Home » Maritime, Ports/Terminals » Lorenzo Shipping registers first-quarter loss amid volume expansion

Philippine carrier Lorenzo Shipping Corporation (LSC) has reported a net loss of P64.38 million in the first quarter of 2017, slightly lower than the P67.32 million in net loss posted in the same period last year despite higher volumes handled.

For the first quarter of this year, LSC handled 13% more volume, tallying 22,654 twenty-foot equivalent units (TEUs), up from 19,950 TEUs in the same period in 2016. LSC said the improvement was propelled by efforts to recapture lost accounts and acquire fresh ones.

But in spite of higher volumes, LSC said overall revenue fell 4% to P542 million from P566 million in the first quarter of 2016, affected by the lower revenue per TEU.

Average freight rate per TEU  was dragged down by the continued increase in TEU supply and the number of vessels servicing domestic freight, said the carrier.

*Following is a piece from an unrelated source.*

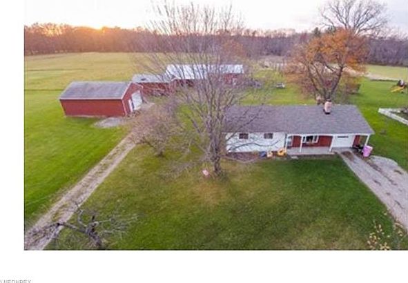 Three bedroom and full bath ranch on 5.84 acres. Several out buildings on property - barn with stall, loft can hold 400 bales. Machine building and corn crib. Fruit trees. Chimneys tuck pointed and re-flashed in 2013, roof with/in 5 yrs., newer siding.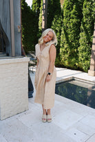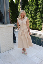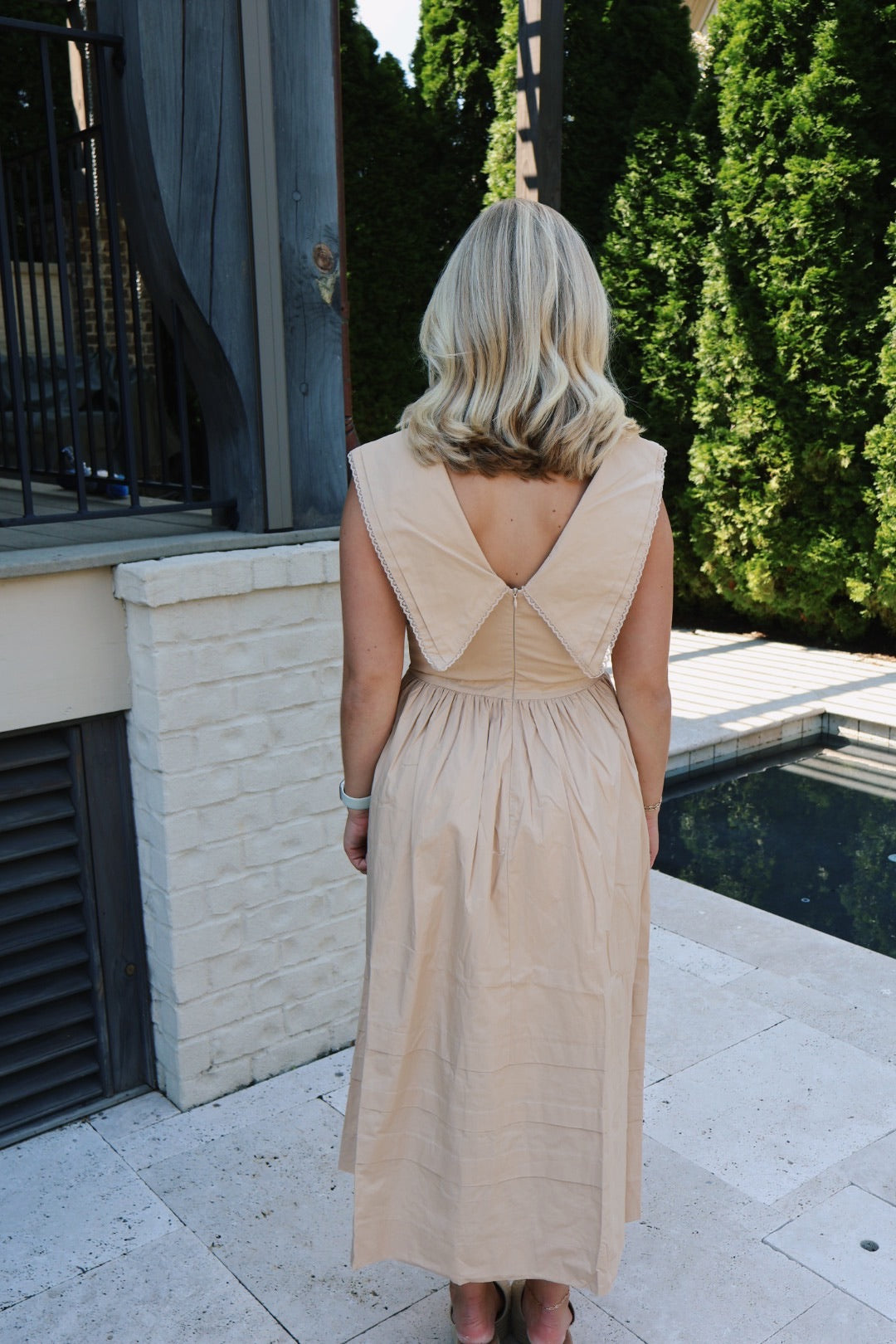 Our babydoll midi! We are obsessed with the collard neck look and the bow tie on the front! This midi has a zipper up the back to fit perfectly!

Direct costs amounted to P556 million, an increase of 3% from P540 million reported in the same period in 2016. The carrier said this is due to higher terminal costs, primarily container yard rental caused by new port authority regulations on dock storage space, and materials and supplies used for the repair and maintenance of containers and machinery and equipment. With the higher cost and lower revenue, gross profit was under pressure, resulting in a negative P13 million ]loss?[ for the period.

In a bid to return to profit, LSC, which has been reporting losses since 2015, said it is now executing a major turnaround project to address bottom line concerns.

Major initiatives being undertaken include the constant review of vessel and service combinations to ensure the right one for a particular route given changing market conditions.

A flexible and situational pricing scheme is also being adopted without necessarily having to distort market levels. Efforts are likewise being done to renegotiate the terms of contracts of big-volume accounts.

The company is also working on significantly reducing operating costs like those on trucking, terminal, lift-on, lift-off, and container van rental through a more focused and agile organization and the use of appropriate technology.

Emphasis is being given as well to substantially bringing down repositioning costs through intensified marketing and sales efforts northbound. Fuel and lube oil consumption is being managed, too, through constant engine performance analysis along with adjusting vessels’ speed where necessary.

At the same time, LSC is implementing a profit leak management program which seeks to reduce claims and improve the billing and collection cycle. It also continues to sell excess assets.